# Registration Question...American v.s. Purebred



## RoosterHollow (Apr 21, 2013)

I'm hoping someone can clarify this for me as I am super new to goats and am a bit confused.

I just bought 3 registered (ADGA) alpine does and have their paperwork ready to tranfer over to me.  I was looking over their certificates and all 3 of them say American Alpine at the top, with AA's in their id numbers (along with every animal listed on the certificate)   Does this mean that they are American Grade and not pure-bred...or?  Sorry if this is a stupid question, but this registry stuff is super confusing.


----------



## Emzi00 (Apr 21, 2013)

It explains it on the ADGA site; I'd look through the site as it gives the exact definition and I can't recall what it says exactly.


----------



## Catahoula (Apr 21, 2013)

What I understood was that an American Alpine means somewhere there was a graded  heritage or by appearance registery in there where French Alpine is pure pure and pure. You can only registered as french alpine if both parents are french alpine. If you have bred a registered french and a registered american, the offspring will be American Alpine. Two american alpine...offspring would be registered as american alpine.


----------



## Emzi00 (Apr 21, 2013)

"4.  Breed

ADGA recognizes the following breeds: Alpine, LaMancha, Nigerian Dwarf, Nubian, Oberhasli, Saanen, Sable and Toggenburg.

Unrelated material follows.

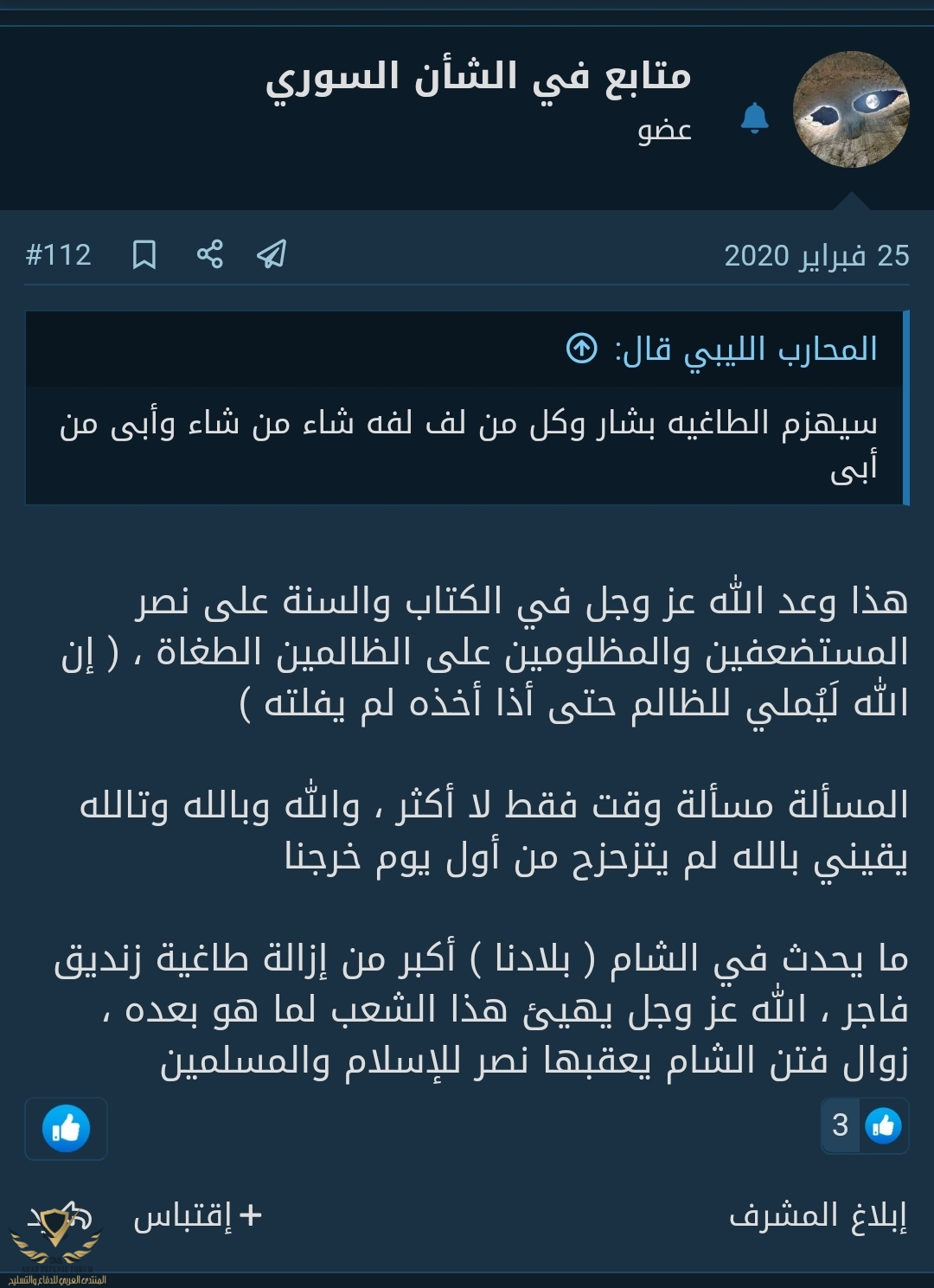مافي ولا مشاركة الي من هون لهونسبحان الله دائما إحتفظت في ذهني مشاركة الأخ @متابع في الشأن السوري و دعوة المظلومين مستجابة.

Purebred - the offspring of a purebred sire and purebred dam of the same breed that conforms to breed standards. LaMancha and Sable are the only breeds that can upgrade from the American herd book to the Purebred herd book.

American - the offspring of a sire and dam of the same breed that conforms to breed standards and also has the correct number of consecutive generations of ancestors who conformed to breed standards (minimum 3 generations for does and 4 for bucks).

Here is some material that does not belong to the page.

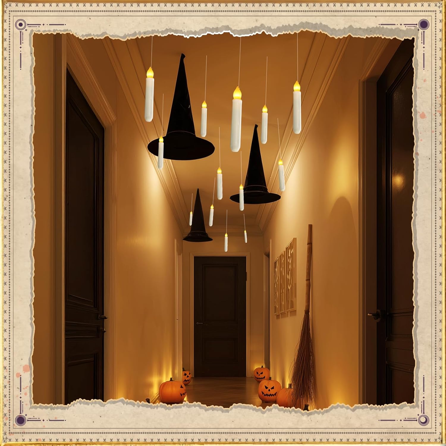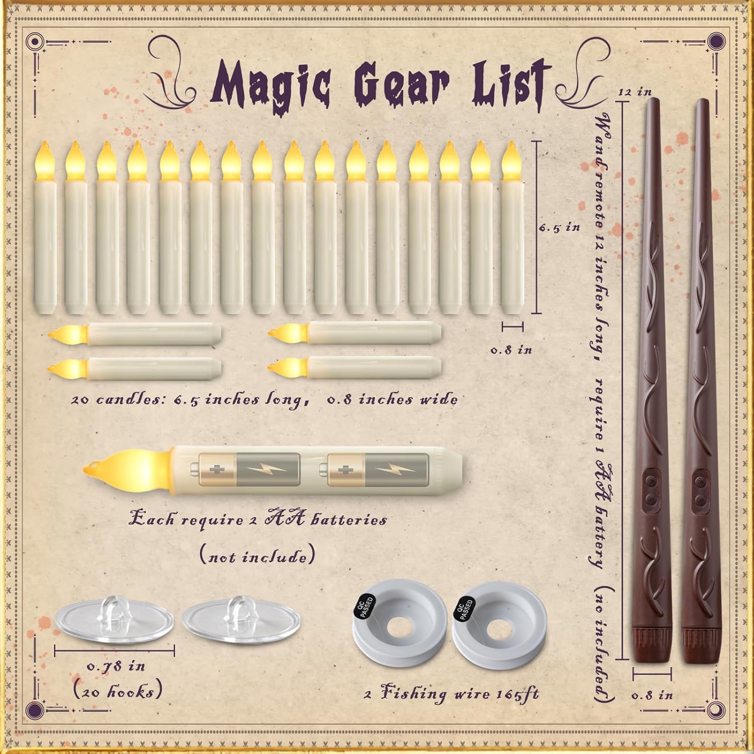 • Never received a letter from magic school? but it doesn't matter! You will receive 20 pcs hanging floating candles, an easy hanging kit with 2 wand remote range of 45 ft/10 meters which can switch these flickering flameless taper candles on and off simultaneously just like magic. Set these candles in your house, and with just one click, together with some spells and movements, you are a witch!

Experimental - (1) When two different breeds of Purebred or American goats mate, their offspring are eligible to be recorded as Experimental and must be shown in the Recorded Grade class. (2) Purebreds or Americans that have serious enough defects to disqualify them from being registered in their breed, must be recorded as Experimentals.

Recorded Grade - Does who do not qualify for either the Purebred or American herd books.

If a doe meets breed standards for a specific breed, she can be recorded as Native on Appearance (NOA) with a written statement of this breed appearance signed by a current ADGA member (not a member of the applicant's family) that the doe being recorded conforms to a specific breed type. A certificate is issued at the same cost on a brown certificate and the goat is called a Recorded Grade. This goat's daughters by a Purebred or American buck of the same breed would be 50% American, and the great granddaughters would be American, provided there has been three consecutive generations of correct breed type (see American section). ADGA does not record grade bucks"


Hope this helps..


----------



## RoosterHollow (Apr 21, 2013)

Thanks...I think i've got it


----------